Department of Thoracic/Head and Neck Medical Oncology, The University of Texas MD Anderson Cancer Center, 1515 Holcombe Blvd, Houston, TX 77030, USA.
UTHealth Graduate School of Biomedical Sciences, The University of Texas MD Anderson Cancer Center, 1515 Holcombe Blvd, Houston, TX 77030, USA.
Cells. 2022 Apr 28;11(9):1484. doi: 10.3390/cells11091484.
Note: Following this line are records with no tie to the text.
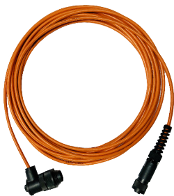
Fernsteuernkabel mit Ein- / Aus- Schalter
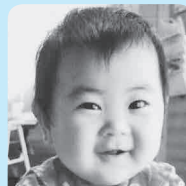
1歳おめでとう ニコニコ笑顔で明るく 元気に育ってね!
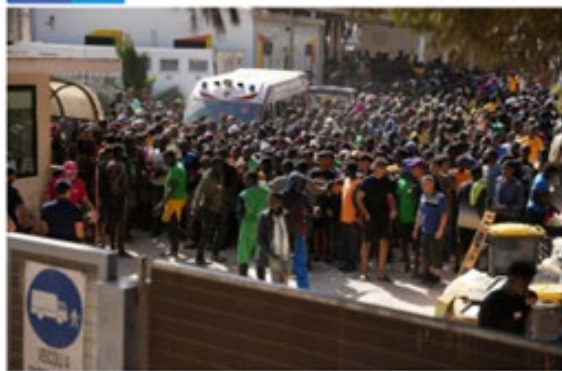
Regijski migranti na Lampedusi

Množični prihodi migrantov je na italijanskem otoku Lampedusa povzročil kaotične razmere. Kot kaže pa niso nezadovoljni samo tanzanijski prebivalci, ampak tudi migranti. Slednji so se namreč odločili, da zaradi nezadovoljstva s postopanjem italijanskih oblasti, kar protestirajo proti njim, saj jih prepočasno prevažajo v celinski del našega kontinenta. Tudi predsednica Evropske komisije Ursula von der Leyen napoveduje, da bodo pomorske blokade in ustavitve porazdeljevanja ilegalcev po državah EU.
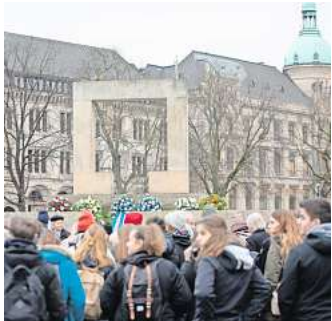
Ein Ort des Gedenkens: Das Holocaust-Mahnmal auf dem Opernplatz.

Speziell an junge Menschen richtet sich auch die Website www.ns-zeit-hannover.de , auf der kurze Filme beispielsweise von der Hitlerjugend oder dem Aufstieg der Nazis in Hannover berichten – und so ein Stück Vergangenheit in die Gegenwart holen.
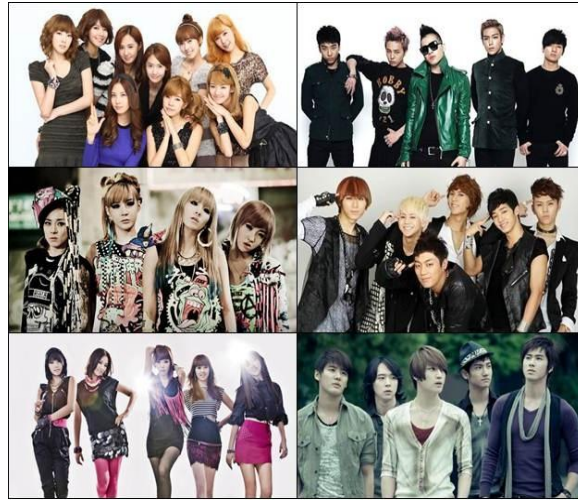
Gambar 1. Korean Girl Band dan Korean Boy Band
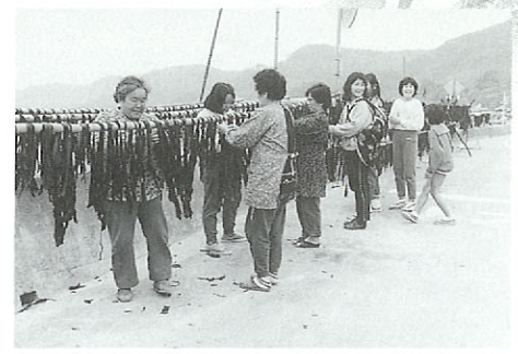
わかめ干しが見られるようになると、もう春。
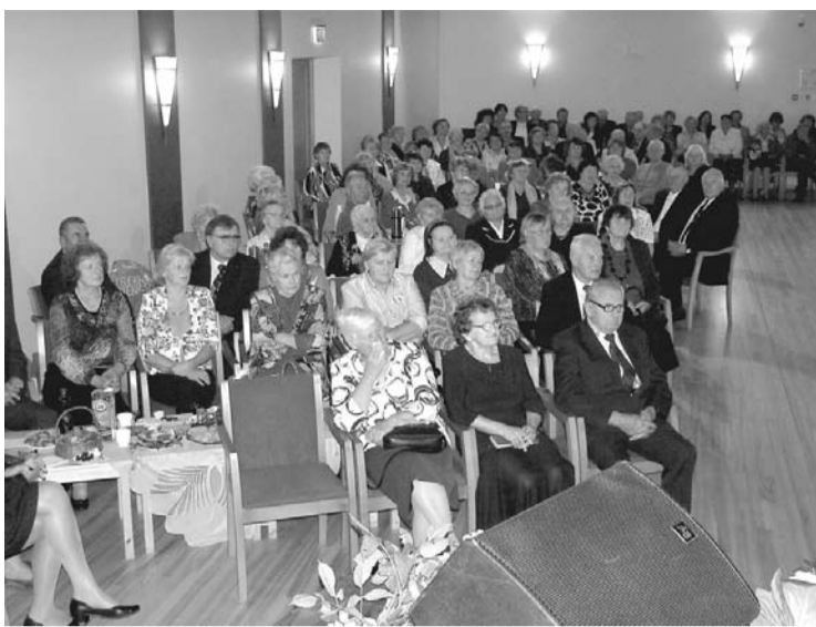
Novada seniori uz pasākumu bija ieradušies kuplā skaitā
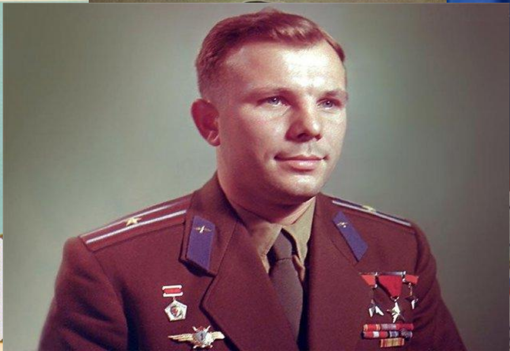
Гражданин Союза командир корабля «Союз», дивизионный командир подполковник Борис Валентинович ВОЛЬНОВ.
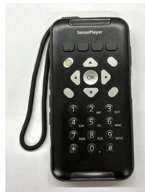
センスプレーヤー
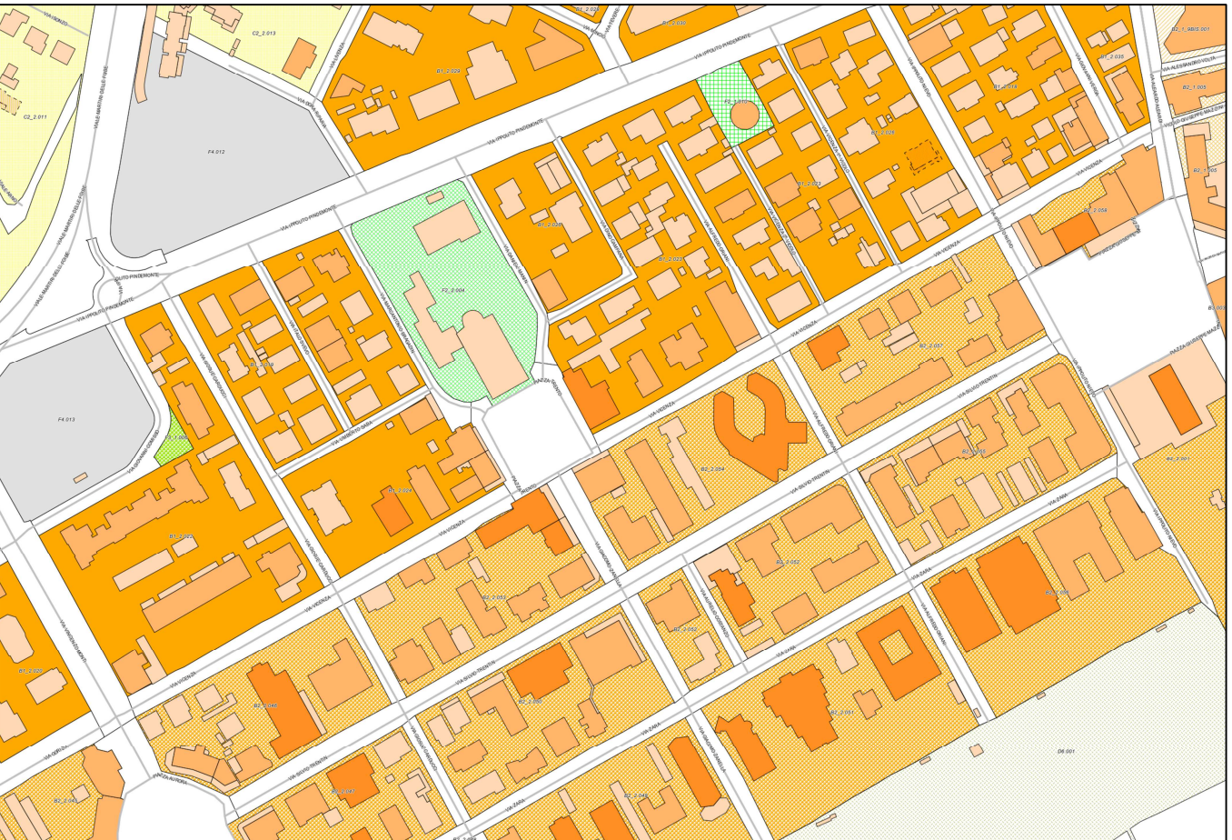
ESTRATTO DI PRGC

The Golgi apparatus is at the center of protein processing and trafficking in normal cells. Under pathological conditions, such as in cancer, aberrant Golgi dynamics alter the tumor microenvironment and the immune landscape, which enhances the invasive and metastatic potential of cancer cells. Among these changes in the Golgi in cancer include altered Golgi orientation and morphology that contribute to atypical Golgi function in protein trafficking, post-translational modification, and exocytosis. Golgi-associated gene mutations are ubiquitous across most cancers and are responsible for modifying Golgi function to become pro-metastatic. The pharmacological targeting of the Golgi or its associated genes has been difficult in the clinic; thus, studying the Golgi and its role in cancer is critical to developing novel therapeutic agents that limit cancer progression and metastasis. In this review, we aim to discuss how disrupted Golgi function in cancer cells promotes invasion and metastasis.
高尔基体是正常细胞中蛋白质加工和运输的中心。在病理条件下,如癌症中,异常的高尔基体动力学改变肿瘤微环境和免疫景观,从而增强癌细胞的侵袭和转移潜力。在癌症中,这些高尔基体的变化包括改变的高尔基体取向和形态,这有助于在蛋白质运输、翻译后修饰和胞吐作用中出现非典型的高尔基体功能。高尔基体相关基因突变在大多数癌症中普遍存在,负责修饰高尔基体功能以促进转移。高尔基体或其相关基因的药理学靶向在临床上一直很困难;因此,研究高尔基体及其在癌症中的作用对于开发限制癌症进展和转移的新型治疗药物至关重要。在这篇综述中,我们旨在讨论癌细胞中高尔基体功能的破坏如何促进侵袭和转移。